United Pentecostal Church

A while back a friend of mine who was a pastor of a church in Canada invited me to give a series of lectures. During the drive to his home from the airport he mentioned his concern about a certain “Ministers Prayer Breakfast” he was attending. His concern focused upon there being a United Pentecostal Church (from hereon UPC, not to be confused with other Pentecostal groups who are Christian in theology) minister as part of the gathering. What worried him was not necessarily this man’s presence at the breakfast, but the fact that the group engaged in prayer, using only terms upon which they all agreed.

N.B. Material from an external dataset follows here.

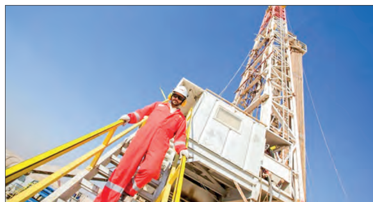
On 24 February 2022 Russia launched a military invasion on Ukraine. Already inflated oil prices have since skyrocketed to over $110 per barrel.

Brent crude for May delivery increased 7.65 dollars, or 6.9 per cent, to close at 118.11 dollars a barrel on the London ICE Futures Exchange, the highest settlement since February 2013.

I attended the breakfast. The event indeed began with prayer, followed by breakfast, during which the ministers talked about spiritual things. At the close of the hour, I suggested to the group that what was going on was not biblically sound. All were taking part in prayer and spiritual conversation without recognizing that there was “another Jesus” represented by one of the ministers. “With all due respect,” I said, “our UPC friend here does not believe in the biblical Jesus.” The UPC minister raised his voice and exclaimed, “Steve, ‘In the beginning was the Word and the Word was with God, and the Word was God’!” I then asked, “In John 1:1 is ‘the Word,’ who was with the Father, a person?” He said, “No. The Word is a ‘thought’ in the Father’s mind.” I then turned to the others in the group and explained that this was another Jesus, because this man denied the preexistence of the Son as the Son (more on this later).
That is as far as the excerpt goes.